Since the 1970’s Greenpeace had been challenging nuclear sea dumping. After years of investigations and campaigning, the Russian navy’s secret operations to pump nuclear waste into the sea were challenged and filmed by the Nuclear Free Seas campaign team on board the Motor Vessel Greenpeace ship on 18 October 1993. While the MV Greenpeace sat off the Russian coast after the Russian military ship TNT27 and other navy vessels returned to port to pick up another cargo of nuclear waste, their nuclear dumping exposed to world attention, the Russian’ government announced on 22 October that it would halt further disposal plans. The TNT27 remained in port. 

By the time the Greenpeace ship had docked in Japan, the government of Morihiro Hosokawa had announced a policy change. It would no longer advocate nuclear waste disposal at sea. Instead, it would support an amendment to the London Convention at the November 1993 meeting at the IMO that would prohibit all nuclear waste disposal at sea. Both then and now, Greenpeace International representatives were at the IMO meeting pushing for an end to radioactive pollution of the marine environment.

I played a very minor role at that time, chasing the then IAEA Director Hans Blix, from Seoul to Tokyo with a copy of a telex (it was three decades ago!) from the Russian government informing Blix of their plans for nuclear dumping. The IAEA for some reason had chosen not to inform the Japanese government. Travelling from South Korea to Japan, I still remember as if it was only yesterday how moved I was watching my Greenpeace colleagues John Sprange, Twilly Cannon, Dima Litvinov, Thomas Schultz, captain Pete Wilcox and the rest of the crew of the MV Greenpeace confronting the Russian navy on NHK TV .

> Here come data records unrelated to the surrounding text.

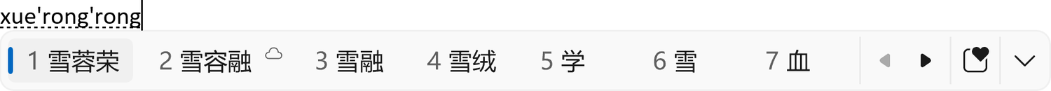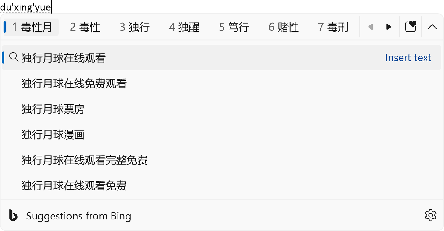 На скриншоте ниже показано, как окно предложений упрощенного китайского IME предлагает слово из Bing на втором месте.
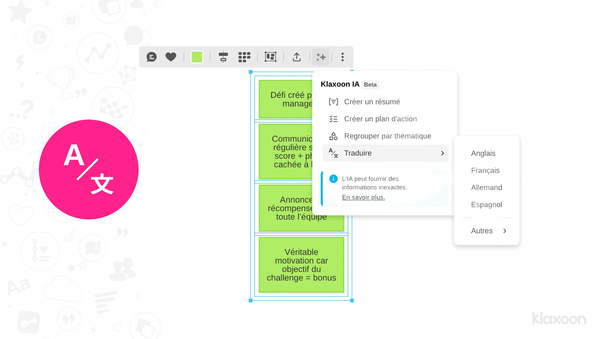 Vous est-il déjà arrivé de devoir traduire un Board, élément par élément, et de devoir basculer sur un outil de traduction et effectuer de nombreux copier/coller ? Avec la nouvelle fonctionnalité d'IA dans Board, simplifiez-vous la vie en traduisant vos textes directement dans votre tableau blanc.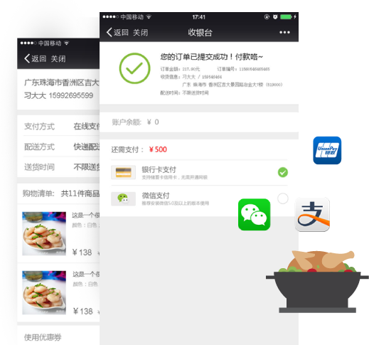 支持多种支付方式,微信钱包、支付宝、快 钱支付,实时对账完成交易

One further result of Greenpeace International, Greenpeace Germany, and Greenpeace Japan’s exposé of Russian dumping was that the Japanese government took the decision to financially support the building of additional storage and processing facilities for nuclear waste in the Russian Far East. This was a point that Greenpeace International has emphasised over the years at IMO meetings and drew the parallels for the Fukushima water crisis. 

Failed discussions and agreements

A principal objective of the London Convention and London Protocol is to protect the marine environment from pollution, including man-made radioactivity. However, the Japanese government contends that their plans for Fukushima contaminated water have nothing to do with the conventions. In fact, at the latest meeting on 26 October 2021, Japan tried to stop further discussion of the Fukushima water issue, arguing that the IAEA was the correct place to discuss such matters and it was not appropriate for governments to consider the issues at the LC/LP United Nations hosted meeting. This is an absurd and scientifically bankrupt position when radioactivity discharged from a pipeline poses potentially a greater coastal threat to the marine environment than deep sea dumping from a ship. 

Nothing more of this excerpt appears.